BAGHDAD — Iraq’s leaders grappled Thursday over the death sentences for three former Saddam Hussein regime heavyweights – including the notorious enforcer known as “Chemical Ali” – amid warnings the hangings could inflame sectarian violence and derail efforts at reconciliation.
But any serious delays in carrying out the executions also risk backlash from the victims of Hussein’s attacks, including Kurds who faced a brutal crackdown in the 1980s that led to the death sentences.
The bind grew more difficult as Sunni leaders pressed to delay the hangings, saying they could incite violence and cripple already fragile bids to improve ties between rival groups.
A court last month upheld the genocide and war-crimes convictions against the three former regime insiders for their roles in the Operation Anfal campaign against autonomy-seeking Kurds in the 1980s that claimed more than 100,000 lives.
Baghdad’s attacks – including the use of poison gas – came to symbolize the cruelty of Hussein’s grip on power and brought the nickname “Chemical Ali” to one of the masterminds, Hussein’s cousin Ali Hassan al-Majid.
The others sentenced are former Defense Minister Sultan Hashim al-Tai and Hussein Rashid Mohammed, former deputy operations director of the Iraqi armed forces.
The court ordered the hangings to occur within 30 days. They were put off until the end of the holy month of Ramadan, which ended earlier this week.

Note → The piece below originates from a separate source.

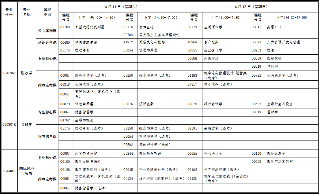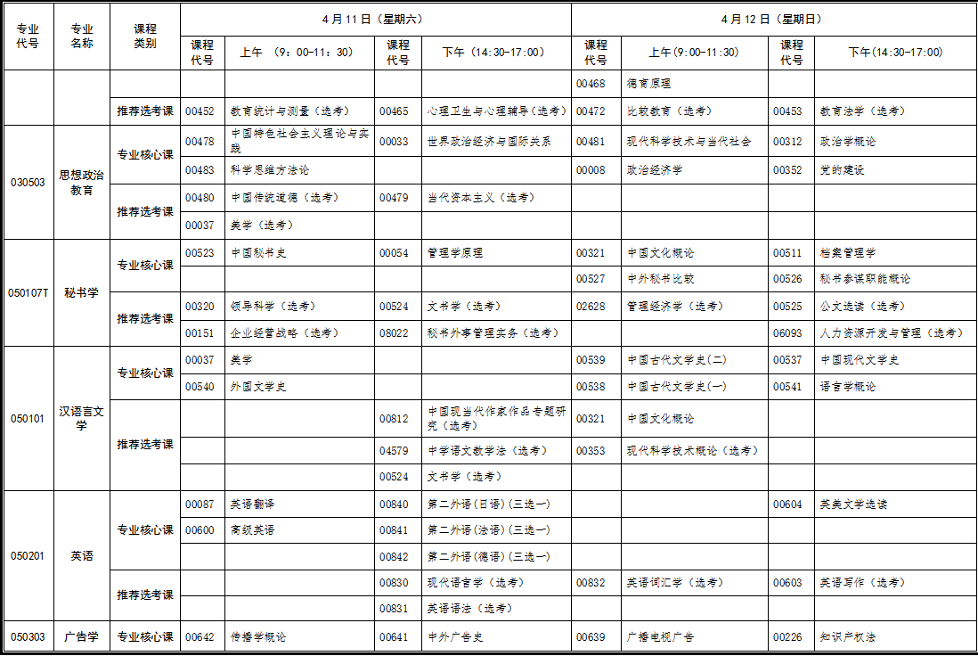 2020年4月份湖北自考考試時(shí)間為4月10-12日,自2020年起,湖北省原專業(yè)計(jì)劃不再安排課程考試。自2021年起,不再辦理原專業(yè)畢業(yè)證書。原專業(yè)在籍考生在過渡期間不能完成原計(jì)劃課程考試的,可依據(jù)《關(guān)于做好湖北省自學(xué)考試新舊專業(yè)轉(zhuǎn)接的通知》(鄂自考[2019]11號(hào))文件精神轉(zhuǎn)接到新專業(yè)繼續(xù)報(bào)考。2020年4月湖北自考網(wǎng)上報(bào)考截止時(shí)間:2020年3月4日17時(shí),2020年4月湖北自考專升本面向社會(huì)開考專業(yè)統(tǒng)考課程考試時(shí)間安排表如下:

U.S. and Iraqi officials said the men remained in U.S. custody Thursday.
Elsewhere Thursday, U.S. forces detained 15 suspected militants in raids, while an insurgent threw a hand grenade into a school in the south, wounding six boys. A car bomb targeted an Iraqi army patrol in Hawija, killing three soldiers and injuring 11 civilians.
Iraqi police said the U.S. military fatally shot three men and one woman and injured another woman in their car on a road near Baiji.
McClatchy Newspapers contributed to this report.
Kurds protest Turkey’s vote for action
IRBIL, IRAQ — Thousands of Kurds joined rallies across northern Iraq and marched to U.N. offices Thursday to protest a vote by Turkey’s lawmakers that backed possible cross-border attacks against Kurdish rebel camps.
The Turkish vote Wednesday removed the last legal obstacle to an offensive to root out guerrillas seeking autonomy for the mostly Kurdish region of southeastern Turkey. There were no signs of imminent military strikes, and the United States and the Iraqi government have urged restraint.
“No to military action. Yes to dialogue,” demonstrators shouted as more than 5,000 people headed to U.N. offices in Dahuk, near the Turkish border.
Protesters delivered a document calling for U.N. intervention to stop any further incursions into Iraq by Turkey – which has sent troops in past decades to chase the Kurdish Workers’ Party, or PKK.
Stability in Iraq a long-term project
WASHINGTON — Teaching local officials in Iraq to govern themselves and provide their citizens with basic services will take “years of steady engagement.” It also will rely heavily on the U.S. government’s ability to recruit skilled civilians, investigators told a House panel Thursday.
“Stability operations is not a game for pick up teams,” said Robert Perito, a security expert at the United States Institute of Peace in Washington.
The United States has dispatched various provincial reconstruction teams in Iraq and Afghanistan to teach, coach and mentor Iraqis in towns and provinces. Staffed mostly by civilian officials, with the military providing security, the teams show promise but with an effectiveness that is difficult to judge because the needs vary greatly from province to province.